The wisdom of a crowd is often in the eye of the beholder, but most of us understand that, at its most basic level, “crowd wisdom” refers to a fairly simple phenomenon: when you ask a whole bunch of random people a question that can be answered with a number (eg, what’s the population of Swaziland?) and then you add up all the answers and divide the sum by the number of people providing those answers – ie, calculate the average – you’ll frequently get a close approximation of the actual answer. Indeed, it’s often suggested, the crowd’s average answer tends to me more accurate than an estimate from an actual expert. As the science writer Jonah Lehrer put it in a column in the Wall Street Journal on Saturday:
The good news is that the wisdom of crowds exists. When groups of people are asked a difficult question – say, to estimate the number of marbles in a jar, or the murder rate of New York City – their mistakes tend to cancel each other out. As a result, the average answer is often surprisingly accurate.
To back this up, Lehrer points to a new study by a group of Swiss researchers:
The researchers gathered 144 Swiss college students, sat them in isolated cubicles, and then asked them to answer [six] questions, such as the number of new immigrants living in Zurich. In many instances, the crowd proved correct. When asked about those immigrants, for instance, the median guess of the students was 10,000. The answer was 10,067.
Except, well, it’s not quite that clear-cut. In fact, it’s not clear-cut at all. If you read the paper, you’ll find that the crowd did not “prove correct” in many instances. The only time the crowd proved even close to correct was in the particular instance cited by Lehrer – and that was only because Lehrer used the median answer rather than the mean. In most cases, the average answer provided by the crowd was wildly wrong.

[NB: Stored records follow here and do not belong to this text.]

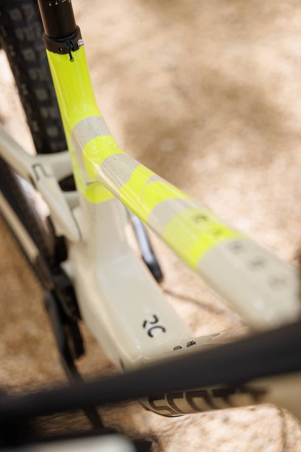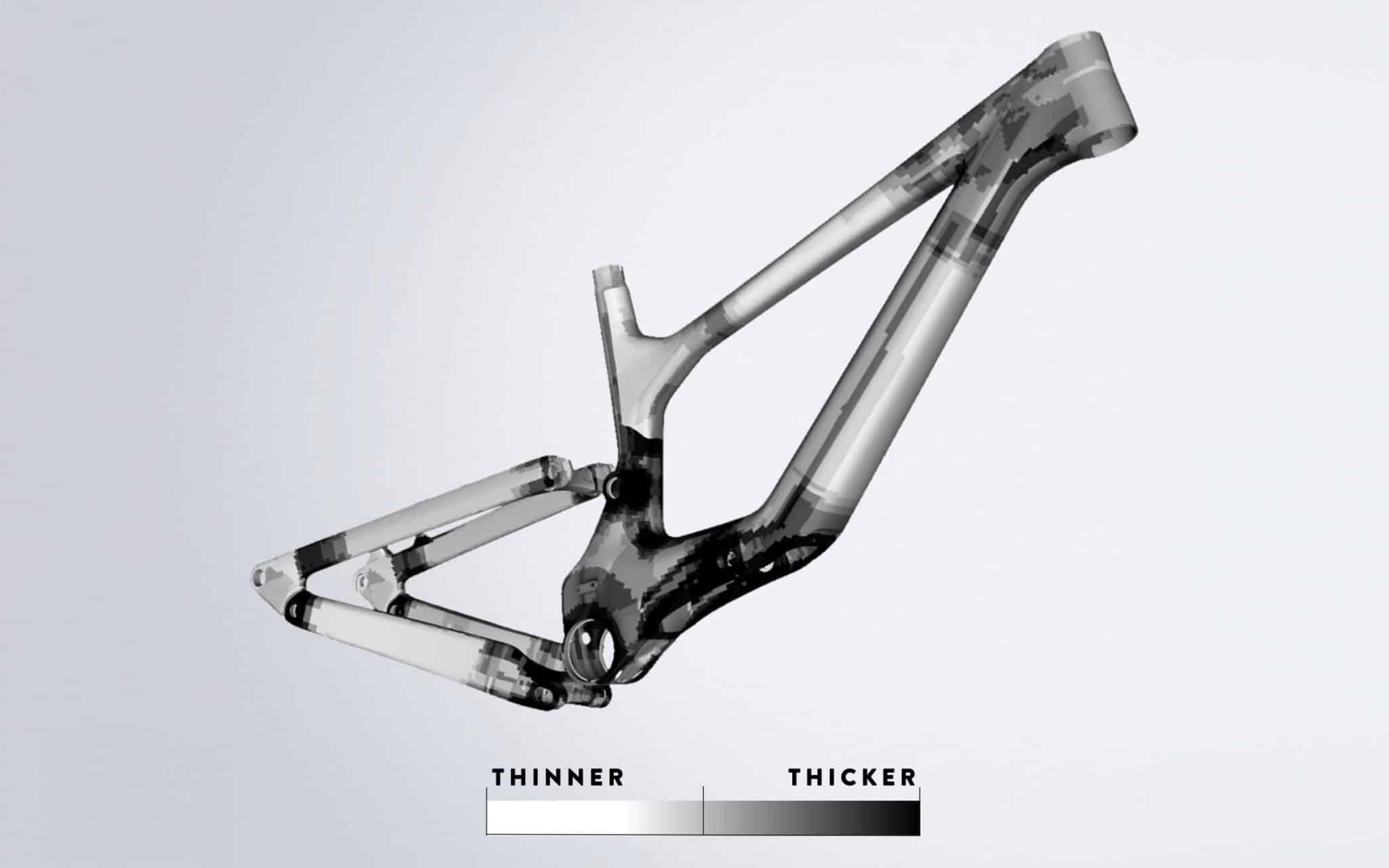 Comme d’accoutumée désormais, l’orientation, la répartition et le choix des fibres de carbone sont faites en fonction des zones de contraintes du cadre. On peut ainsi observer que la zone du boitier de pédalier/ de l’amortisseur est renforcée, alors que les zones au milieu des tubes sont plus fines. Il convient aussi de remarquer qu’au sein de la gamme, seul le luxueux modèle 900 RC bénéficie d’un cadre complètement en carbone HMX, à savoir le carbone le plus haut de gamme de la marque. Pour le reste des versions, le triangle avant est en carbone HMX tandis que les bases arrière sont en aluminium.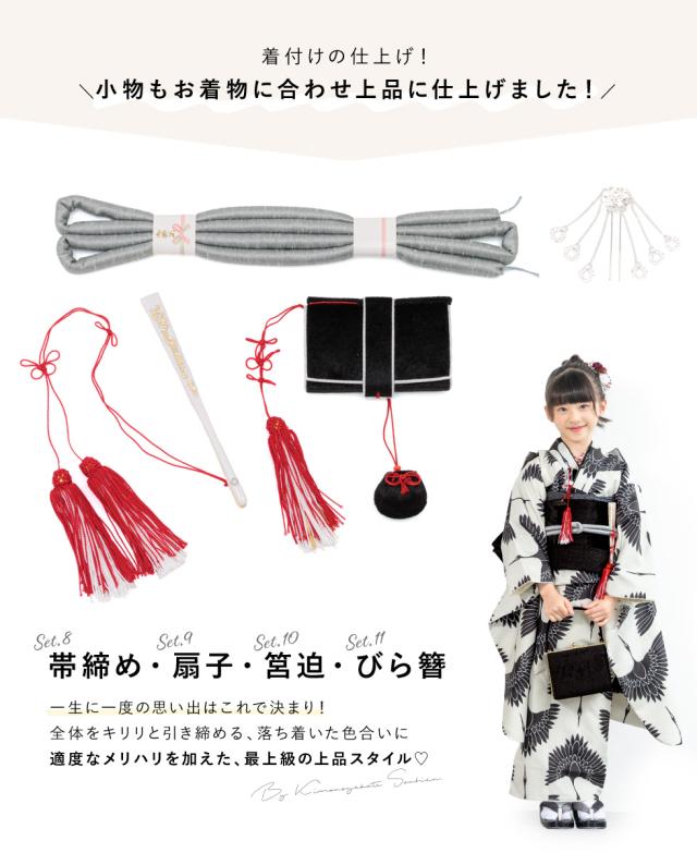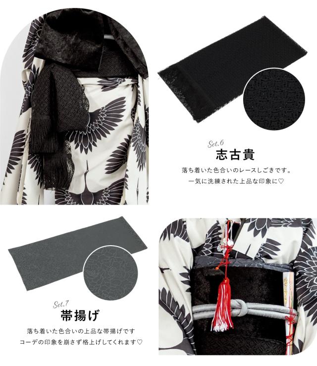 ※セット内容は【着物・長襦袢・作り帯・草履・バッグ・志古貴・帯揚げ・帯締め・扇子・筥迫・びら簪】です。その他の商品は含まれません。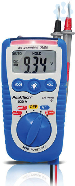 Ein sehr handliches, sicheres Messgerät mit integriertem Schutzrahmen im Taschenformat für AC/DC-Spannungs-, Strommessungen, sowie Widerstands- und berührungslose Wechselspannungsmessungen, mit eingebauter Taschenlampe. Dieses Gerät nutzt einen PTC als selbstrücksetzende Sicherung für den mA-Bereich. Die Prüfleitungen sind abnehmbar und lassen sich mit allen 4mm Sicherheitsbuchsen verbinden.

Peter Freed, a neuroscience researcher at Columbia, let loose on Lehrer in a long, amusing blog post, arguing that he (Lehrer) had misread the evidence in the study. Freed pointed out that if you look at the crowd’s average answers – “average” as in “mean” – to the six questions the researchers posed, you’ll find that they are, as Freed says, “horrrrrrrrrrrrrendous”:
… the crowd was hundreds of percents – yes, hundreds of percents – off the mark. They were less than 100% off in response to only one out of the six questions! At their worst – to take a single value, as Lehrer wrongly did with the 0.7% [median] – the 144 Swiss students, as a true crowd (unlike the 0.7%), guessed that there had been 135,051 assaults in 2006 in Switzerland – in fact there had been 9,272 – an error of 1,356%.
Or, as the researchers themselves report:
In our case, the arithmetic mean performs poorly, as we have validated by comparing its distance to the truth with the individual distances to the truth. In only 21.3% of the cases is the arithmetic mean closer to the truth than the individual first estimates.
So, far from providing evidence that supports the existence of the wisdom-of-crowds effect, the study actually suggests that the effect may not be real at all, or at least may be a much rarer phenomenon than we assume.
But since this is statistics, that’s by no means (no pun intended) the end of the story. As the researchers go on to explain, it’s quite natural for a crowd’s average answer, calculated as the mean, to be way too high – and hence ridiculously unwise. That’s because, while individuals’ underestimates for these kinds of questions are bounded at zero, there’s no upper bound to their overestimates. “In other words,” as the researchers write, “a minority of estimates are scattered in a fat right tail,” which ends up skewing the mean far beyond any semblance of “wisdom.”
Fortunately (or not), the arcane art of statistics allows you to correct for the crowd’s errors. By massaging the results – “tuning” them, as the researchers put it – you can effectively weed out the overestimates and (presto-chango) manufacture a wisdom-of-crowds effect. In this case, the researchers performed this magic by calculating the “geometric mean” of the group’s answers rather than the simple “arithmetic mean”:
As a large number of our subjects had problems choosing the right order of magnitude of their responses, they faced a problem of logarithmic nature. When using logarithms of estimates, the arithmetic mean is closer to the logarithm of the truth than the individuals’ estimates in 77.1% of the cases. This confirms that the geometric mean (i.e., exponential of the mean of the logarithmized data) is an accurate measure of the wisdom of crowds for our data.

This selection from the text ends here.